Below we are loading the **`rating` dataset**, which is a **pandas DataFrame**, into a **different format called `surprise.dataset.DatasetAutoFolds`**, which is required by this library. To do this, we will be **using the classes `Reader` and `Dataset`.**

In [30]:
# Instantiating Reader scale with expected rating scale
reader = Reader(rating_scale=(1,5))

# Loading the rating dataset
data = Dataset.load_from_df(df_final[['user_id','prod_id','rating']], reader)

# Splitting the data into train and test datasets
trainset, testset = train_test_split(data, test_size = 0.3, random_state=42)

Now, we are **ready to build the first baseline similarity-based recommendation system** using the cosine similarity.

### **Building the user-user Similarity-based Recommendation System**

In [31]:
# Declaring the similarity options
sim_options = {'name' : 'cosine',
               'user_based' : True}


# Initialize the KNNBasic model using sim_options declared, Verbose = False, and setting random_state = 1
algo_knn_user = KNNBasic(sim_options=sim_options,verbose=False)

# Fit the model on the training data
algo_knn_user.fit(trainset)

# Let us compute precision@k, recall@k, and f_1 score using the precision_recall_at_k function defined above
precision_recall_at_k(algo_knn_user)

RMSE: 1.0250
Precision:  0.86
Recall:  0.783
F_1 score:  0.82


**Write your observations here:__________**

**RMSE** is **1.0250**.

**Precision** is **0.86**.

**Recall** is **0.783**.

**F1-Score** is **0.82**.

Let's now **predict rating for a user with `userId=A3LDPF5FMB782Z` and `productId=1400501466`** as shown below. Here the user has already interacted or watched the product with productId '1400501466' and given a rating of 5.

In [32]:
# Predicting rating for a sample user with an interacted product
algo_knn_user.predict('A3LDPF5FMB782Z','1400501466',r_ui=5,verbose=True)

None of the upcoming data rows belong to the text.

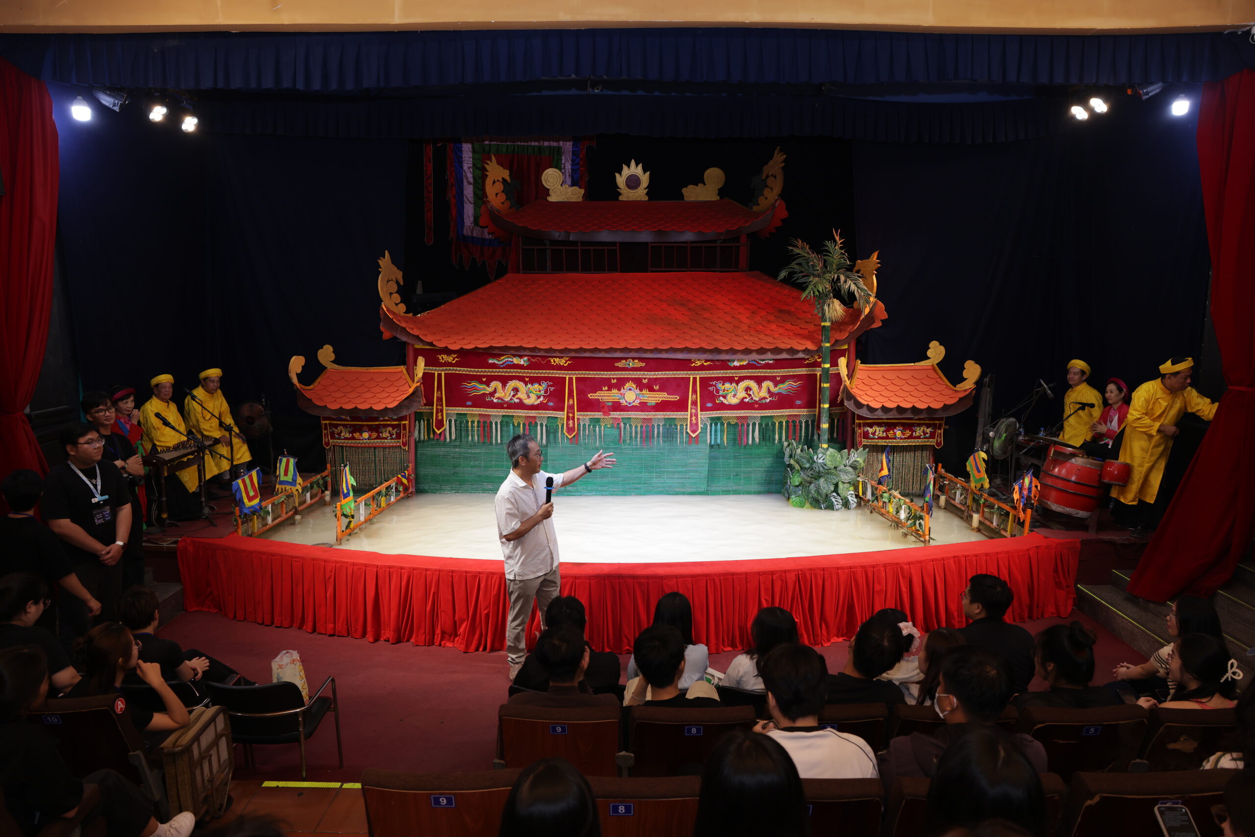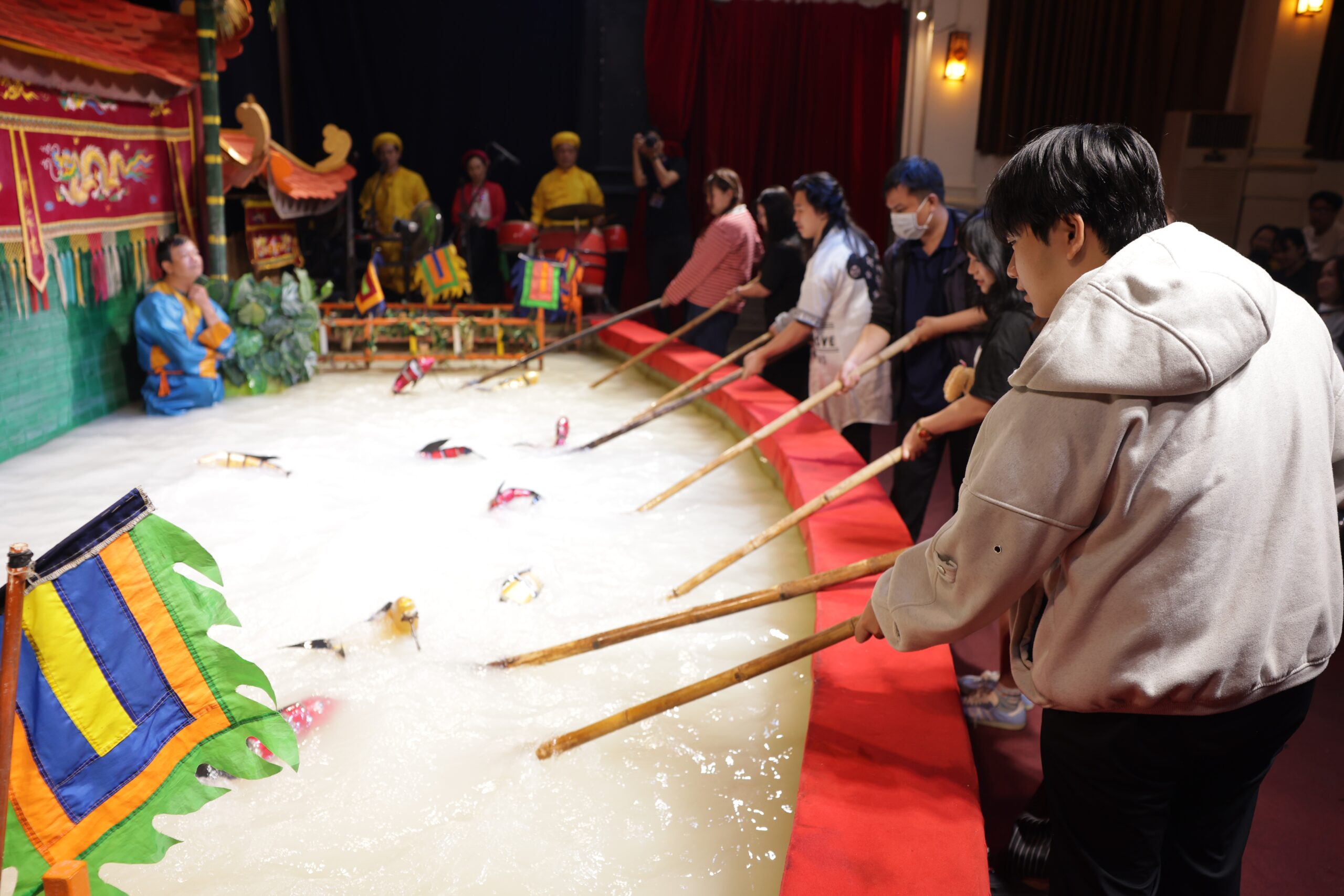 Đặc biệt, điểm nhấn cuối cùng chính là màn trình diễn múa rối nước và buổi giao lưu trực tiếp với các nghệ sĩ từ Nhà hát Rồng Vàng. Đây là lúc những con rối gỗ không chỉ là bức ảnh trên màn hình mà thực sự “sống” dậy trên mặt nước dưới sự điều khiển tài tình của nghệ sĩ biểu diễn rối nước.
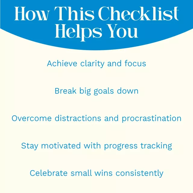 • Break It Down: Divide your big goal into smaller, manageable steps and track progress along the way.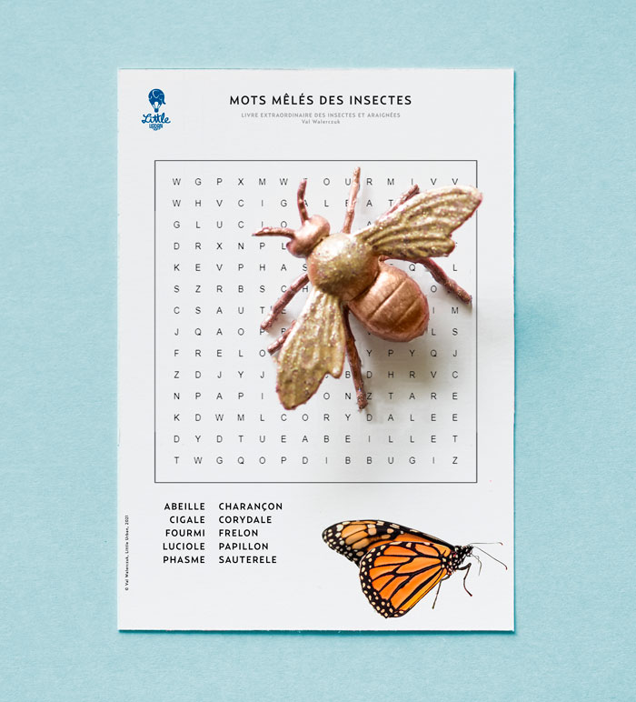 Saurez-vous retrouver les petites bêtes dans ces mots mêlés ? Luciole, abeille ou monarque, ils sont bien cachés !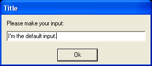 Beispiel:Input$ = InputRequester("Titel", "Bitte machen Sie Ihre Eingabe:", "Ich bin die Standardeingabe.") If Input$ > "" a$ = "Sie haben folgendes in den Requester geschrieben:" + Chr(10) ; Chr(10) wird nur für a$ + Input$ ; den Zeilenumbruch benötigt Else a$ = "Der Requester wurde abgebrochen oder es wurde nichts eingegeben." EndIf MessageRequester("Information", a$, 0) End
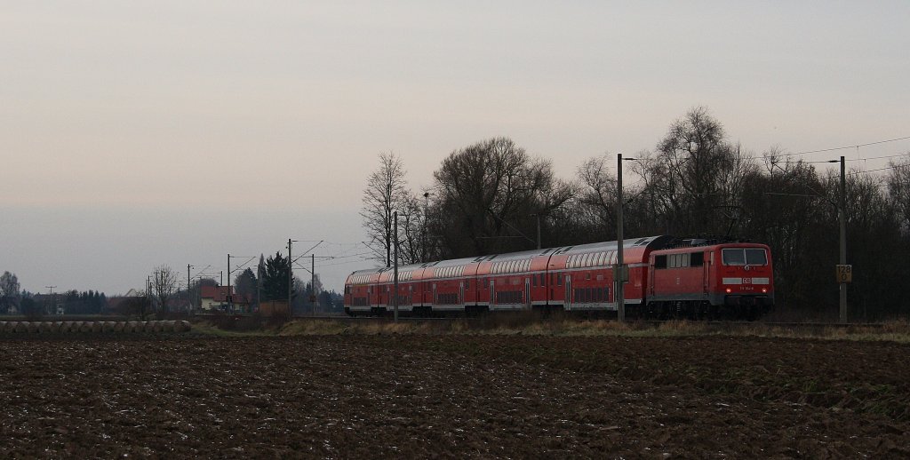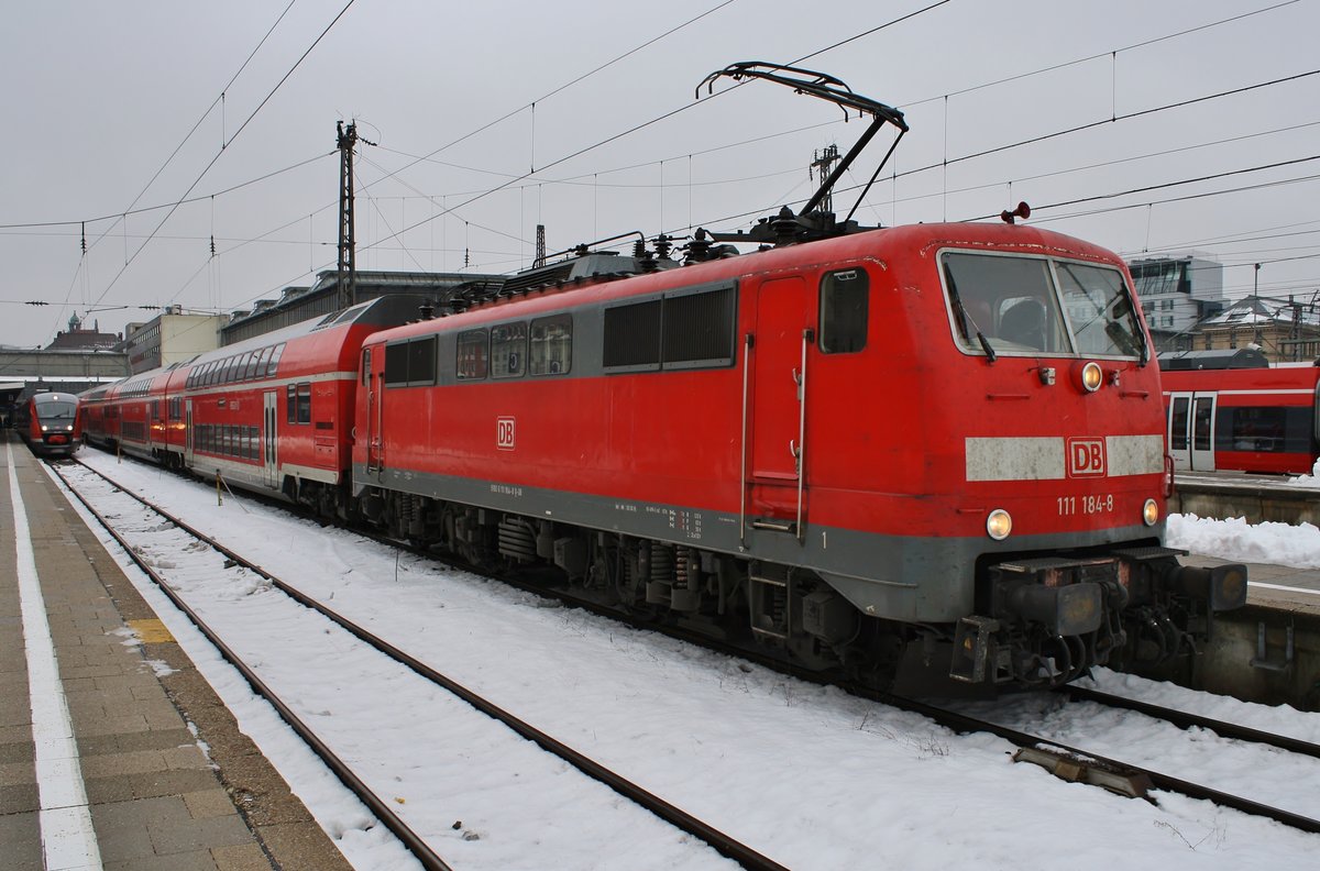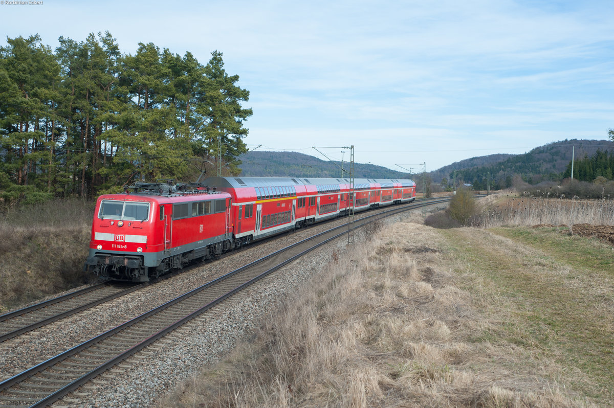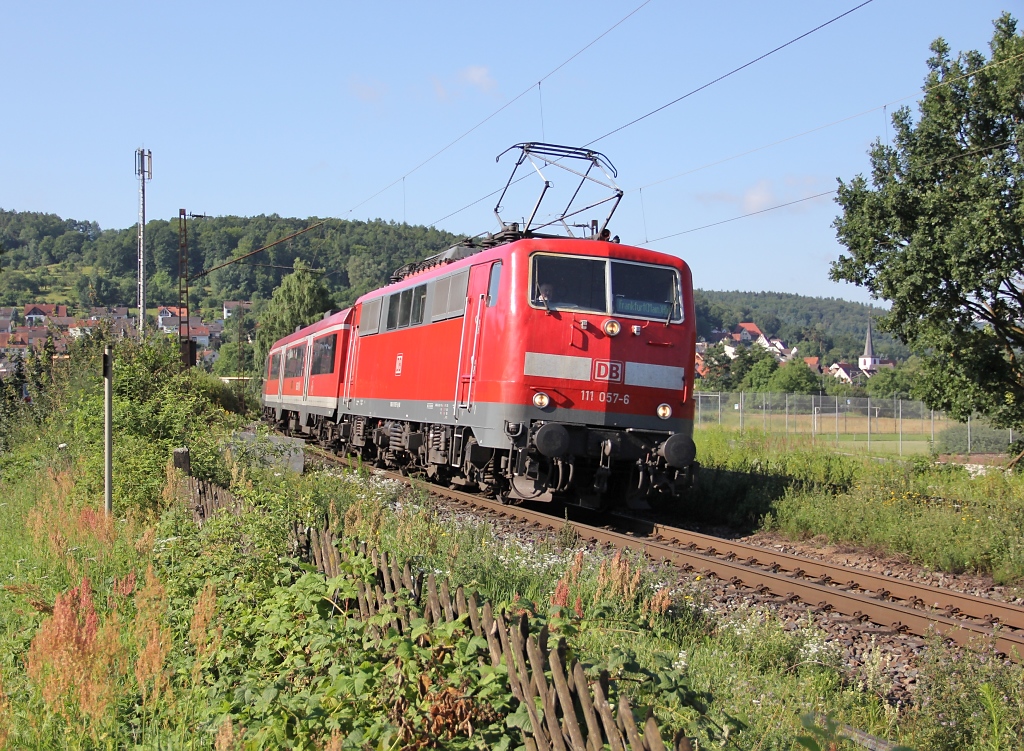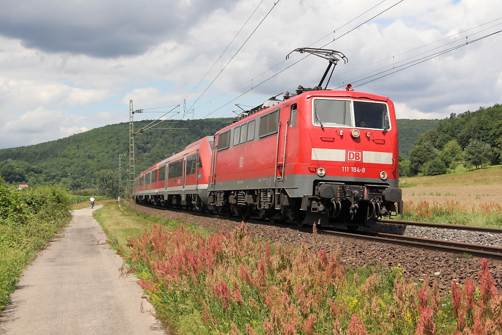 Eine aus drei n-Wagen und 111 184-8 gebildete Regionalbahn von Kronach nach Bamberg steht am 18. Juli 2014 im Haltepunkt Redwitz (Rodach). Frankenwaldbahner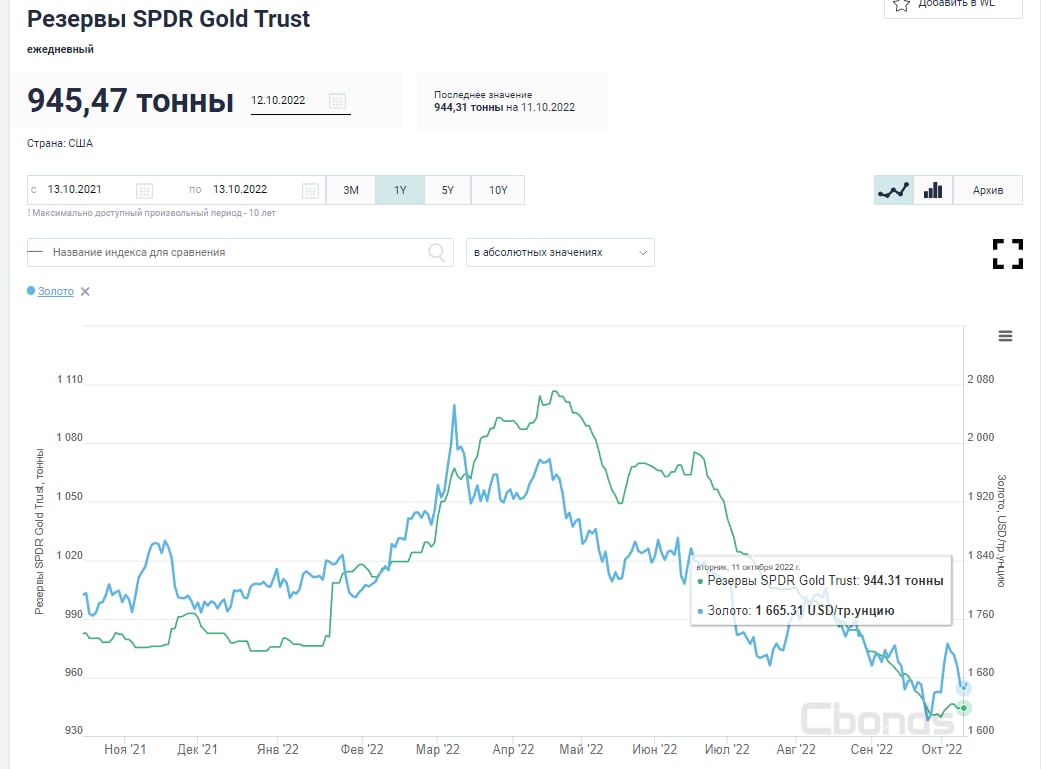 В базе индексов Cbonds появились данные по золотым запасам фонда SPDR Gold Trust. Они являются важным индикатором состояния рынка драгоценных металлов. SPDR Gold Trust – крупнейшее частное золотохранилище. Акции фонда на 100% обеспечены собственными золотыми запасами, которые на 12 октября 2022 составляют 945,47 тонн. Для сравнения, запасы золота в хранилищах центробанка России на 30 июня 2022 составляли 2298,53 тонн.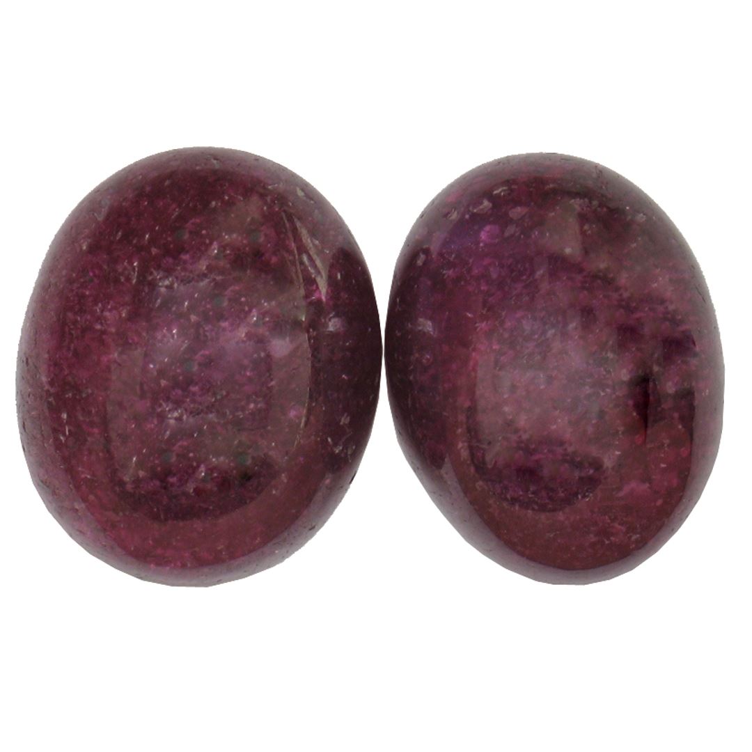 Two oval cabochon cut natural rubies, measuring 13.50 x 10.40 x 6.90mm, exact total weight 21.56ct., clarity is heavily included, type II, dark, very slightly brownish, slightly purplish red color, (GIA slpR 7/3), cut is good. Transmitting light diffusely, opaque. Naturally occurring internal & external characteristics are present. Indications of laboratory high temperature heat treatment, with glass & flux additives. Ruby has a low tolerance to rhodium plating, repolishing the surface, & ultrasonic cleaning. Westfield Appraised at $2,210.00.

user: A3LDPF5FMB782Z item: 1400501466 r_ui = 5.00   est = 3.00   {'actual_k': 4, 'was_impossible': False}


Prediction(uid='A3LDPF5FMB782Z', iid='1400501466', r_ui=5, est=3.0, details={'actual_k': 4, 'was_impossible': False})

**Write your observations here:__________**

We observe that the **actual** rating for this **user-item pair** is **5.00** and **predicted** rating is **3.00** by this **similarity based baseline model**, which is **alright**.

Below is the **list of users who have not seen the product with product id "1400501466"**.

In [36]:
# Initialize an empty list to store users who have not seen the product
users_not_seen_product = []

# Iterate through all users in the dataset
for user_id in df_final['user_id'].unique():
    # Check if the user has not interacted with the specified product
    if '1400501466' not in df_final[df_final['user_id'] == user_id]['prod_id'].values:
        # Add the user to the list
        users_not_seen_product.append(user_id)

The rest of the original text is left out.